今年の夏は、アレリオン33にSタイプがデビューし、また、ハーバーヨットに30フィートモデルが登場します。どちらも、ジブブームとファーリングのセルフタッキングジブはもちろん、低い重心を兼ね備えた、シングルでのハイパフォーマンスを楽しめるヨットです。

特に、アメリカ市場では、デイセーラーコンセプトのヨットの台頭が目覚しい。この不況にあって、新しいモデルの投入、受注状況も増えてきていると聞きます。さすがに、アメリカ市場は大きいと実感します。

クルージング艇の価格競争とキャビン拡大競争も頂点に達し、また、新たな方向に向かいつつあるような気がしますが、一方では、こういうデイセーラーコンセプトが拡充されてきています。また、このデイセーラーコンセプトもふたつに分類され、一方ではレーサーのスピードを目指す艇と、ハイパフォーマンスではあるが、シングルハンドセーリングの操作性を重視している艇があります。ハーバーヨットとアレリオンは、後者に属し、レーサーではありません。しかしながら、各地でワンデザインのフリートレースも続々と生まれてきています。

市場が大きいと、そういう楽しみ方のできますので、羨ましい限りです。日常ではセーリングを楽しみ、同じヨットが数艇集まれば、レースも楽しむ事ができる。同じモデルのヨットですから、ヨーイドンでスタートして、早くゴールした順で順位が決定されますから、非常に解りやすい。レーティングにも無関係。日本でも、こういうレースがもっと盛んになってくれれば良いのですが。

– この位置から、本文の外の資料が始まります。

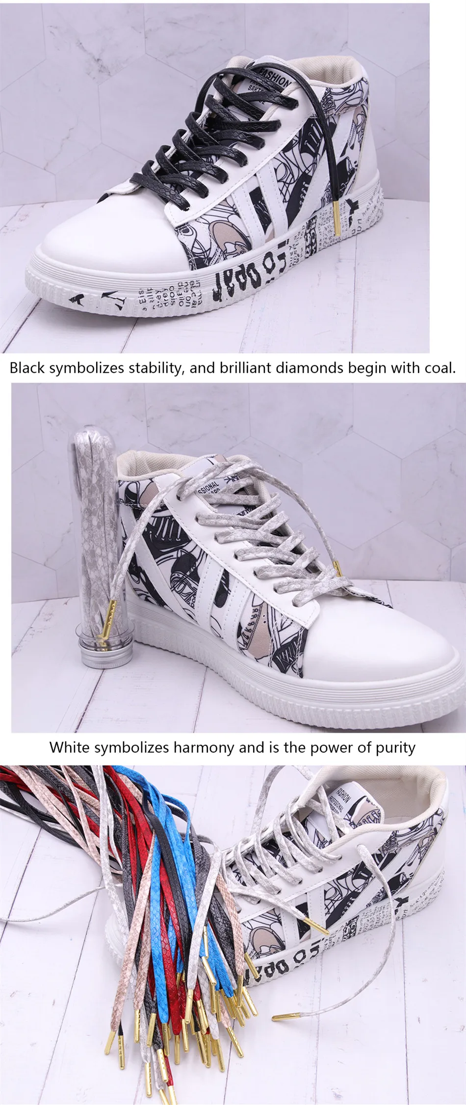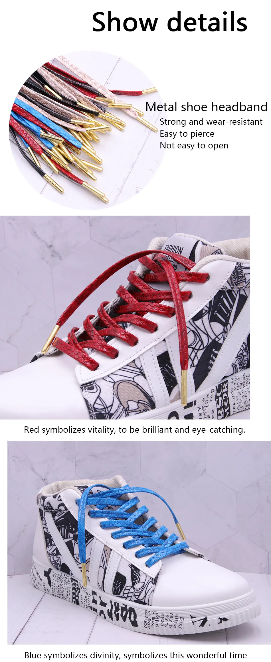 | Weiou 7mm Flat Snake Skin Shoelaces White Red Grey Brown Luxury Leather Shoe Laces With Gold Metal Aglets For Sneakers Sports |

因みにアメリカでのアレリオンのレースは、セルフタッキングジブとメインセールのみ。それがルールです。ジェネカー等は禁止です。これはジブブームがあるからできる事で、これなら、誰でも参加し易い。それにハイパフォーマンスですから、面白いレースが、気軽にできます。

日本では、同じモデルがたくさん入る事が少ないので、なかなかこういうレースを楽しむ事ができません。アメリカでは、純クルージング艇であっても、オーナーズクラブが設立され、情報交換の他に、こういうワンデザインレースもやってます。クルージング艇でも、同じモデルなら、そういう楽しみ方もある。

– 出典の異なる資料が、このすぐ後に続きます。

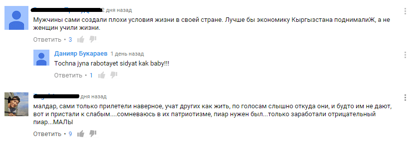 Но, как оказалось, действия «патриотов» одобряют некоторые жители Кыргызстана. Они уверены, если не делать предупреждающие ролики – население «может совсем развратиться».

オーナーズクラブというのは、同じヨットのオーナー同士が設立するクラブですから、互いのヨットの情報交換ができ、こういう事をした、こういう工夫をしたら良い、等々が参考になり、助け合いのクラブとして互いに利用できます。レースするには、遠い場所ですと無理がありますが、情報交換という面では、日本でもこういうオーナーズクラブができると良いですね。いつかはと思っています。
市場の小さな日本ですから、モデル単位では無理でも、デイセーラーに限るとか、ジャンルひとくくりでも良いかもしれません。仲間同士、何か盛り上げる要素がほしいですね。

以前、同じ地域に最低2艇の同じモデルを、と書きました。まずはこれでしょうか?何とか、今年は、それができればと思っています。そうしたら、たった2艇ですが、ひとつの楽しみ方ができます。ここから拡大していけば良い。

ヨットだけあれば良いわけではありません。それを使って、どういう遊び方に発展させる事ができるのか?我々業者に負うところは大きいのかもしれません。デイセーラーは日本ではまだまだマイナーな存在です。でも、きっと将来には、多くの方々が、気軽にセーリングを楽しみ、時折ワンデザインレースを楽しみ、ヨットが身近に感じられるようになる事を願っております。旅も良いけど、セーリングも面白い。